#### Task to complete
Ignoring the pictures, copy the data exactly.

#### Input data
- - -

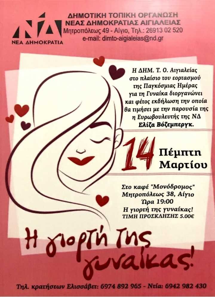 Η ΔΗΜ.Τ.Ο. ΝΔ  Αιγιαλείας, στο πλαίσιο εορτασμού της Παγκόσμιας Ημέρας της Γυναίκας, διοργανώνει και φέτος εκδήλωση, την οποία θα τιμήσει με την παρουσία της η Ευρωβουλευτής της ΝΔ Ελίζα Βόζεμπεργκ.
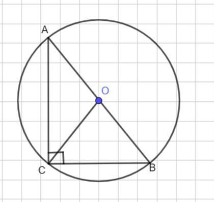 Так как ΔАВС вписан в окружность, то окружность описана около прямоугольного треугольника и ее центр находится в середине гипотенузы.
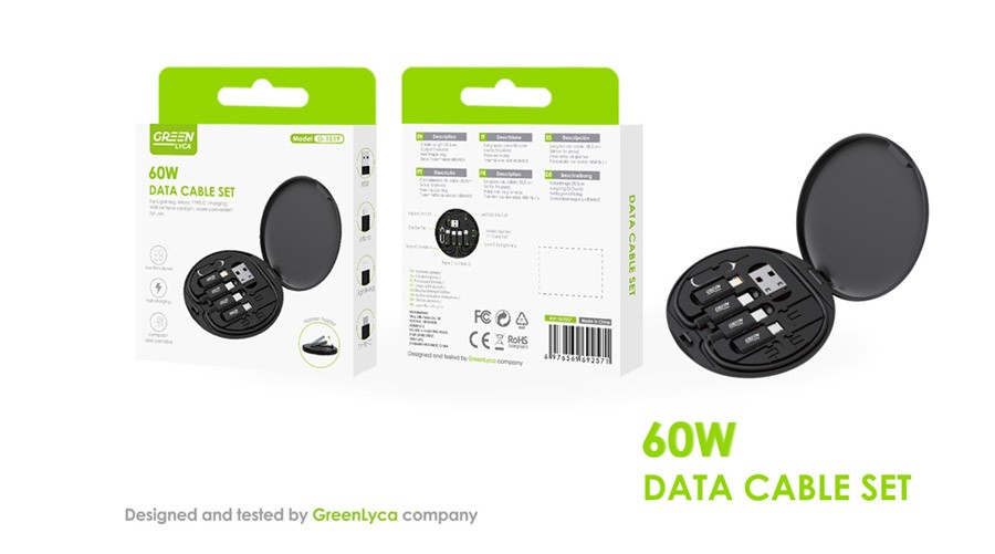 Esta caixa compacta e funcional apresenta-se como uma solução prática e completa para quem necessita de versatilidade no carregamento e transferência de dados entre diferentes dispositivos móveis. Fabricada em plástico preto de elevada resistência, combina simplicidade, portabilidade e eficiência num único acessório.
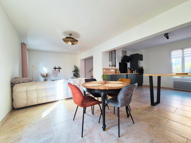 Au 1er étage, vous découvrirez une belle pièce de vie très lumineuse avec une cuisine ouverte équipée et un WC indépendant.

- - -

#### Output
 Η ΔΗΜ.Τ.Ο. ΝΔ  Αιγιαλείας, στο πλαίσιο εορτασμού της Παγκόσμιας Ημέρας της Γυναίκας, διοργανώνει και φέτος εκδήλωση, την οποία θα τιμήσει με την παρουσία της η Ευρωβουλευτής της ΝΔ Ελίζα Βόζεμπεργκ.
 Так как ΔАВС вписан в окружность, то окружность описана около прямоугольного треугольника и ее центр находится в середине гипотенузы.
 Esta caixa compacta e funcional apresenta-se como uma solução prática e completa para quem necessita de versatilidade no carregamento e transferência de dados entre diferentes dispositivos móveis. Fabricada em plástico preto de elevada resistência, combina simplicidade, portabilidade e eficiência num único acessório.
 Au 1er étage, vous découvrirez une belle pièce de vie très lumineuse avec une cuisine ouverte équipée et un WC indépendant.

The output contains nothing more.